Learning Sparse Filters in Deep Convolutional Neural Networks with a l1/l2 Pseudo-Norm
This addresses the problem of deploying deep neural networks on resource-limited devices by providing a simpler, more efficient compression method, though it appears incremental as it builds on existing sparsity techniques.
The paper tackles the problem of high memory and computation costs in deep neural networks by introducing a sparsity-inducing regularization term based on an l1/l2 pseudo-norm to reduce filter kernels, resulting in very compact models without iterative retraining. Experimental results on MNIST and CIFAR-10 show significant filter reduction in models like LeNet and VGG while maintaining or improving accuracy, outperforming other methods like l1, l2, SSL, NISP, and GAL in sparsity-accuracy trade-offs.

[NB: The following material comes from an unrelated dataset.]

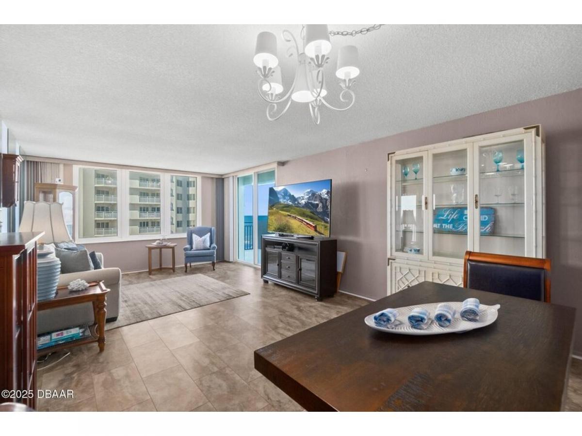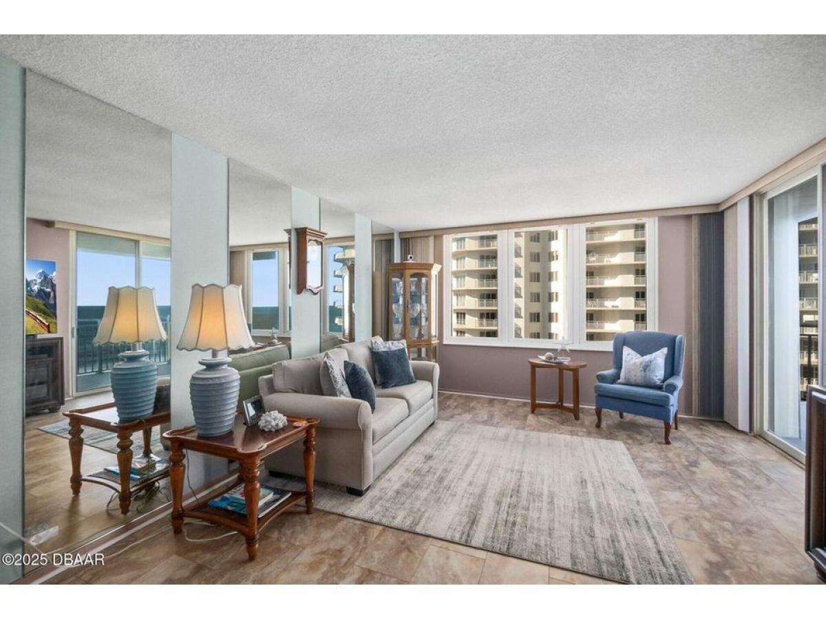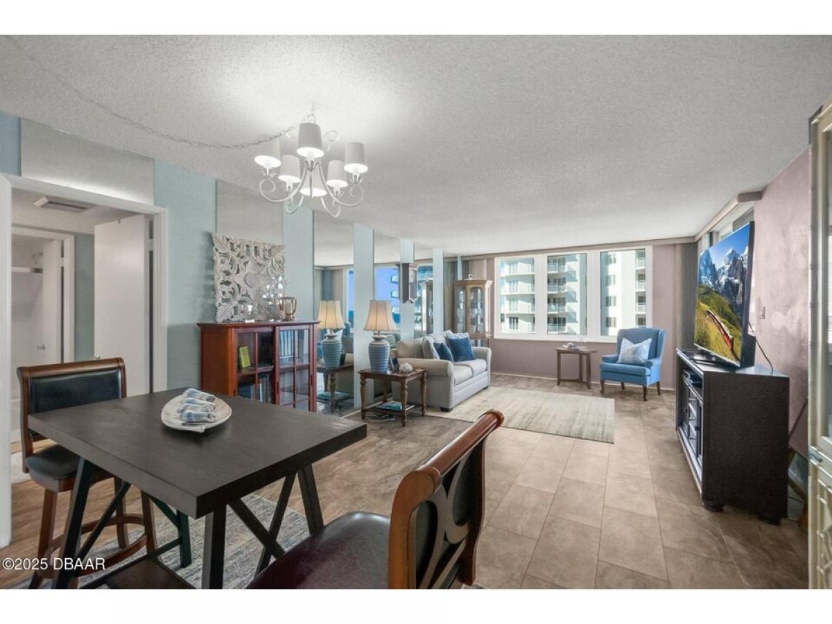 WELCOME TO YOUR COASTAL PARADISE RETREAT AND EMBRACE AN EASY-BREEZE LIFESTYLE! OCEAN FIVE HAS UNDERGONE A STUNNING RENOVATION, MAKING THIS THE IDEAL OPPORTUNITY TO ACQUIRE YOUR BEACHFRONT ESCAPE. THIS EXQUISITE 2-BEDROOM SPLIT FLOOR PLAN OFFERS CAPTIVATING OCEAN AND RIVER VIEWS. THE KITCHEN FEATURES RAISED PANEL CABINETS IN A NEUTRAL BEIGE TONE, BEAUTIFULLY COMPLEMENTING THE STAINLESS-STEEL APPLIANCES (brand new refrigerator) AND THE LIVING ROOM/DINING ROOM IS FILLED WITH NATURAL LIGHT AND BREATHTAKING VIEWS IN EVERY DIRECTION. DELIVERED FURNISHED, START A NEW CHAPTER AND EMBRACE A BEACH LIFESTYLE. ELECTRIC HURRICANE SHUTTERS AND NICELY UPDATED FLOORING IN THE LIVING ROOM/DINING ROOM MAKES BEACHFRONT LIVING A BREEZE. THE TRUE HIGHLIGHT OF THIS CONDO IS ITS STUNNING CRISS-CROSS BALCONY, WHICH PROVIDES BREATHTAKING OCEAN VIEWS FROM THE 8TH FLOOR. EQUALLY INSPIRING ARE THE VIEWS OF THE RIVER TO THE WEST, MAKING THIS A TRULY REMARKABLE FEATURE. ENJOY THE PERKS OF A WONDERFUL BUILDING RESTORATION INCLUDING ALL NEW COMMON AREA WINDOWS, RESURFACED POOL, EXTERIOR RESTORATION, AND SO MUCH MORE. (to be completed soon). THE MOTTO IS, LIFE IS BETTER IN DAYTONA BEACH SHORES! Oceans Five offers some of the best amenities in the Shores: heated outdoor pool with large sun deck, BBQ station, Saunas, social room, Fitness Center, Library with sophisticated furnishings, Pool Table Lounge, Ample private storage, Underground Parking and DIRECT BEACH ENTRY! Pet friendly, 1 pet under 30 pounds. This home is in a sought-after location close to Publix, restaurants, shopping, minutes to Ponce Inlet Historic Lighthouse, just over an hour to Disney/Orlando and three-and-a-half hours to Miami.

While deep neural networks (DNNs) have proven to be efficient for numerous tasks, they come at a high memory and computation cost, thus making them impractical on resource-limited devices. However, these networks are known to contain a large number of parameters. Recent research has shown that their structure can be more compact without compromising their performance. In this paper, we present a sparsity-inducing regularization term based on the ratio l1/l2 pseudo-norm defined on the filter coefficients. By defining this pseudo-norm appropriately for the different filter kernels, and removing irrelevant filters, the number of kernels in each layer can be drastically reduced leading to very compact Deep Convolutional Neural Networks (DCNN) structures. Unlike numerous existing methods, our approach does not require an iterative retraining process and, using this regularization term, directly produces a sparse model during the training process. Furthermore, our approach is also much easier and simpler to implement than existing methods. Experimental results on MNIST and CIFAR-10 show that our approach significantly reduces the number of filters of classical models such as LeNet and VGG while reaching the same or even better accuracy than the baseline models. Moreover, the trade-off between the sparsity and the accuracy is compared to other loss regularization terms based on the l1 or l2 norm as well as the SSL, NISP and GAL methods and shows that our approach is outperforming them.